Some Young Afghans Turn To Writing Erotic Poetry To Get Through The Lockdown

In the land of the Taliban? Yes — Afghanistan is historically part of the Persianate world (Dari, the official language, is a Persian dialect), and metaphor-filled erotic poetry has a thousand-year history in Persian literature. Hundreds of young writers have lately been posting their amorous verse on social media, and while there has certainly been backlash, there’s no censorship by the Afghan government. – The Guardian

Write About Sex? Garth Greenwell Wonders ‘Why One Would Write About Anything Else’

“Sex is an experience of intense vulnerability, and it is also where we are at our most performative, and so it’s at once as near to and as far from authenticity as we come. … Sex is a uniquely useful tool for a writer, a powerful means not just of revealing character or exploring relationships, but of asking the largest questions about human beings.” – The Guardian

This Author Published A History Of Two Millennia Of Restaurants Just As Every Restaurant Shut Down

What does he think will happen now? “Nothing will go back to how it was and the new normal will reflect some aspects of lockdown life. More people will work from home, more people will cook at home, more restaurants will deliver food and more producers will have a closer access to consumers. These are morsels of good fortune that we should cling to.” – LitHub

Novelist Jenny Odell Wrote About Nature And Art, And Suddenly Her Book Seems Even More Relevant

Odell’s simply considering things, not worried about producing art during the lockdown. “I have been thinking about that redirecting of attention. Our grocery store has the usual spaced-out lines with markings on the ground, and as you stand in line you just find yourself standing near this weird part of the building that you would never stand near. So now you have all this time to contemplate this wall. That seemed like a visual metaphor for everything else.
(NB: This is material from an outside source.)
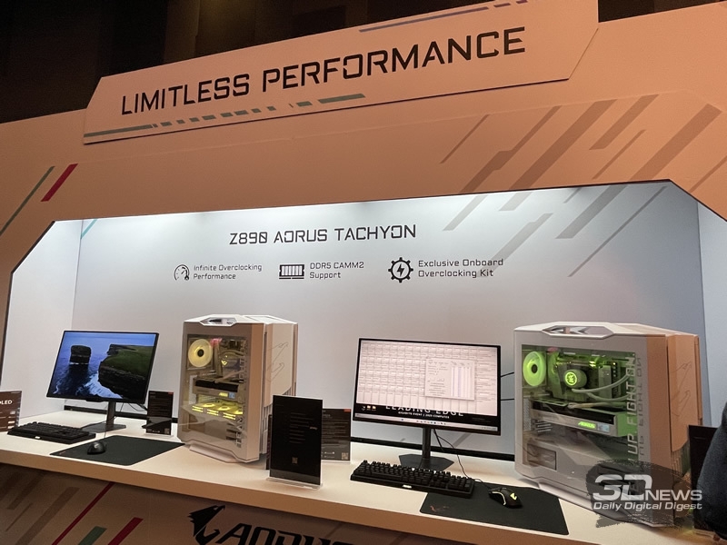 Gigabyte представила на выставке Computex 2025 материнскую плату AORUS Z890 Tachyon ICE с поддержкой CAMM2 DDR5 вместо привычных модулей памяти DIMM. Такой переход, ориентированный на оверклокеров и продвинутых пользователей, сулит улучшенное качество сигнала и возможность достижения более высоких частот по сравнению с традиционными DIMM.

The thing has always been here; now you’re like standing in a very weird relation to it and you’re looking at it.” – Vox

Will French Bookselling Also Change Due To Covid-19?
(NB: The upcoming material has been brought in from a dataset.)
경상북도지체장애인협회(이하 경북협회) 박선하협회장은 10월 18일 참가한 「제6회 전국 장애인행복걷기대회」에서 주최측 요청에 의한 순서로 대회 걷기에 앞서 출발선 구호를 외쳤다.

French publishing, and its associated literary prizes like the (now somewhat disgraced) Goncourt, has long crowded the fall with a flood of titles (which has, in normal years, made the spring frantic for publishers getting the word out). But can that continue? One agent: “Why must so many prizes be awarded at the same time of the year? What logic is behind this? With a more balanced spread of editorial production, the chances of a larger number of books would be increased.” – Le Monde

Bookstores And Publishers Are Going Through Hell, But The Lockdown Might Drag Some Into The 21st Century

Will publishers finally use their data to sell books themselves instead of relying on the fragile chain that is Amazon? Will indies survive? Will they survive if they combine forces? It’s all a mess, but: “This time of seclusion has put the book centre stage once again; it has not seemed so alive, or so vital, in many years.” – The Observer (UK)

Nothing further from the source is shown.